■ **DIRECTIONS FOR THIS TASK**: Read the listing below and tally the lines that contain "організації"; the reply is that tally only.

■ **GIVEN DATA**:
★ ★ ★ ★ ★

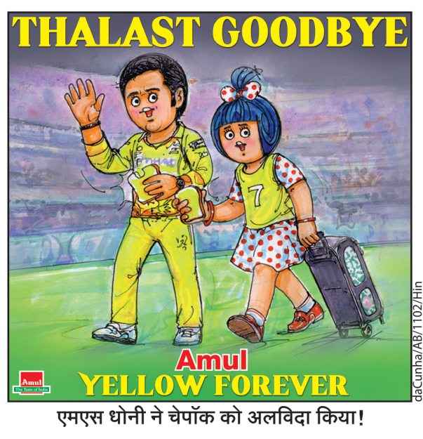
एमएस धोनी ने चेपाक को अलविदा किया!

वॉशिंगटन डीसी. अमेरिकी संसद ने मंगलवार को राष्ट्रपति डोनाल्ड ट्रम्प की सैन्य शक्तियों पर ब्रेक लगाते हुए एक महत्वपूर्ण प्रस्ताव पास कर दिया. इस प्रस्ताव के मुताबिक, अब ट्रम्प ईरान के खिलाफ किसी भी सैन्य कार्रवाई के लिए पहले कांग्रेस की मंजूरी लेंगे. वोटिंग में चार रिपब्लिकन सांसदों ने भी डेमोक्रेट्स का साथ दिया, जबकि तीन रिपब्लिकन सदस्य वोटिंग में अनुपस्थित रहे। प्रस्ताव 50-47 से पास हुआ इस कानून के लागू होने पर राष्ट्रपति केवल 60 दिन तक बिना संसद की अनुमति सैन्य कार्रवाई कर सकते हैं.
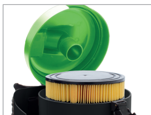
HEPA KARTUŠA (OPCIJSKO)
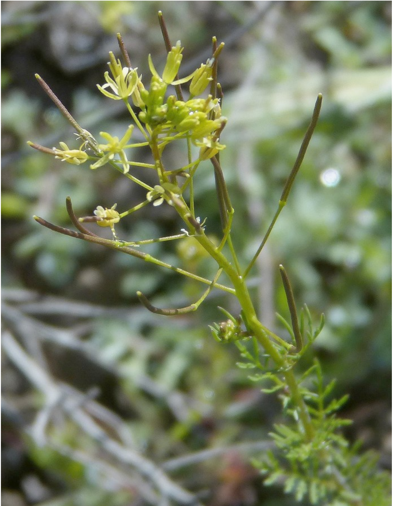
Photo n° 36. Descurainia pinnata (Walter) Britton – 30 mars 2024
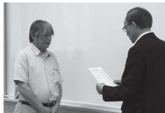
▲健康でいきいきと暮らせる村を目指します

村は、5月から7月まで計5回の脳若トレーニングボランティアアスタツ研修会を行いました。会では受講者が、タブレット端末を使った認知症予防プログラム「みつおか式脳若トレーニング」を体験し、楽しく講座を進めるコツなどを学びました。受講した皆さんは今後、村が8月から全15回開催を予定している「認知症予防講座」のサブインストラクターとして活動を行います。
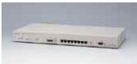
LH1208VCA エージェントハブ

備考：10/100BASE-TX×16デュアルスピード対応 LH1208C / 1216Cと合わせ、最大4台までスタック可能
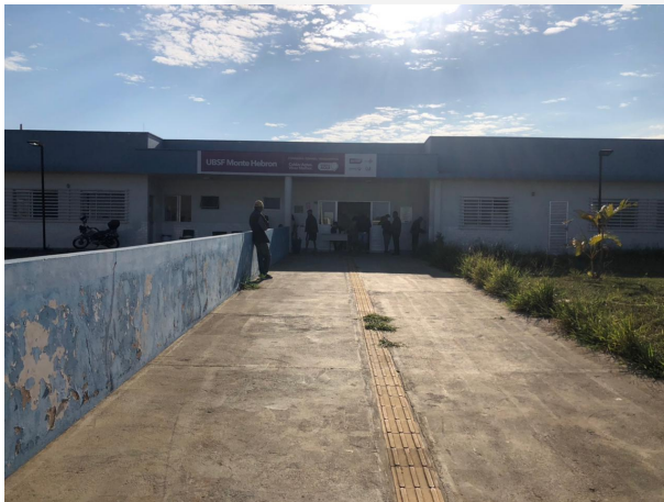
Figura 1: UBSF Monte Hebron.
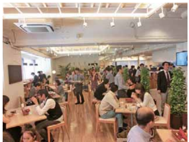
「とっとり・おかやま新橋館」2階レストランでは鳥取の食材を使ったメニューが食べられる とっとり
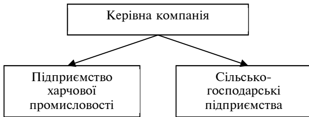
Рис. 5. Схема двоступеневої інтегрованої організації

Інвестиційні проекти в агропродовольчому комплексі вимагають ефективного управління ресурсами, для чого можуть створюватися вертикально інтегровані організації. Залежно від масштабу конкретних проектів і умов можливе створення двоступеневих інтегрованих організацій (рис. 5).

★ ★ ★ ★ ★

■ **TASK RESPONSE**: 2